По мере того, как запас спиртного уменьшался, шум все возрастал.

Джек Лондон. «Сердца трех»

Паппенгейм гостил у сестры уже третий день. Фрау Марта, одетая по случаю приезда брата в роскошное белое платье, белые чулки и белые туфли, почти не появлялась в эти дни во дворе. Брат и сестра подолгу беседовали в саду либо уезжали в Грюнберг в гости к общему знакомому – начальнику концлагеря.

Один Камелькранц по-прежнему суетился в хозяйстве. Горбуна не приглашали ни на беседы, ни в гости, и мы поняли, что управляющего держат в черном теле.

Пока баронесса с Паппенгеймом находились в гостях, пришла телеграмма. Старший сын мадам Фогель – Рудольф – сообщал из госпиталя, что будет дома уже сегодня вечером. Камелькранц засуетился еще больше. Белка срочно была послана на почту с телеграммой баронессе, чтобы та выезжала. На дворе шла генеральная уборка. Старый Отто по приказу Камелькранца резал огромного кабана. Верблюжий Венок, подстриженный, чисто выбритый, надел новый костюм и выглядел теперь еще более смешным и нелепым.

Когда батраки вернулись с поля, баронесса и Паппенгейм уже были дома. На кухне стоял содом: женщины, приглашенные фрау Мартой, жарили, варили, стряпали, как будто приезжал не один обер-лейтенант, а по крайней мере рота солдат.

Вечером сквозь шторы светомаскировки из всех окон пробивался свет. Из барского дома слышалась музыка.

Я стал уже засыпать, когда меня разбудили и Паппенгейм сказал, что со мной желает познакомиться обер-лейтенант.

Мне помнилось лицо Рудольфа Фогеля по фотографии, которую пришлось видеть в кабинете на допросе у гестаповцев. Гладкое, без единой морщинки, оно походило скорее на лицо невинной девушки. Голубые глаза, мечтательно устремленные вдаль, довершали сходство.

Сейчас я предстал перед грубым солдафоном, пьяным, растерявшим во хмелю свою молодцеватость. Сильно загорелое, обветренное лицо опухло, должно быть, от постоянных попоек, гитлеровские усики не украшали, а безобразили его. Правая рука была перевязана и лежала в повязке, переброшенной через плечо.

Бухнувшись на диван, обер-лейтенант прохрипел:

– Дядя Фриц говорил… ты – хороший музыкант… Может, нам сыграешь?

Из соседней комнаты слышались звуки рояля, шарканье ног и веселые голоса. Хозяева праздновали приезд Рудольфа.
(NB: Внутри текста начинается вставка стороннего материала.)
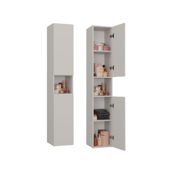 Dzięki swoim wymiarom – głębokość 30 cm, szerokość 31 cm, wysokość 174 cm – ta szafka jest idealnym rozwiązaniem do małych łazienek. Wysoki, smukły kształt pozwala na maksymalne wykorzystanie przestrzeni, jednocześnie nie zajmując dużo miejsca.

Мне вдруг захотелось посмотреть на эту компанию, и я согласился играть.

Меня повели умыться, потом переодели в костюм Карла, и я вышел в зал, длинный, неуклюжий, в коротких штанишках и безрукавке.

Все стихли и уставились на меня. Рыжая толстушка, барабанившая на рояле вальс, поднялась и чинно предложила стул.

Я обрадовался этому стулу, как спасению, и бросился в него, поджимая под себя неимоверно длинные голые ноги. И вдруг я обмер: на передней стенке рояля по-русски было выведено «Мелодия». Русский рояль! Точь-в-точь такой же был у нас дома. Мы его купили незадолго до войны, когда папе на работе дали большую премию. Фогели рояля, конечно, не покупали, об этом и распиналась сейчас хозяйка перед своими гостями:

– Из Прибалтики Рудольф привез вот эту мебель. Хорошая, правда? На квартире у какого-то профессора стояла.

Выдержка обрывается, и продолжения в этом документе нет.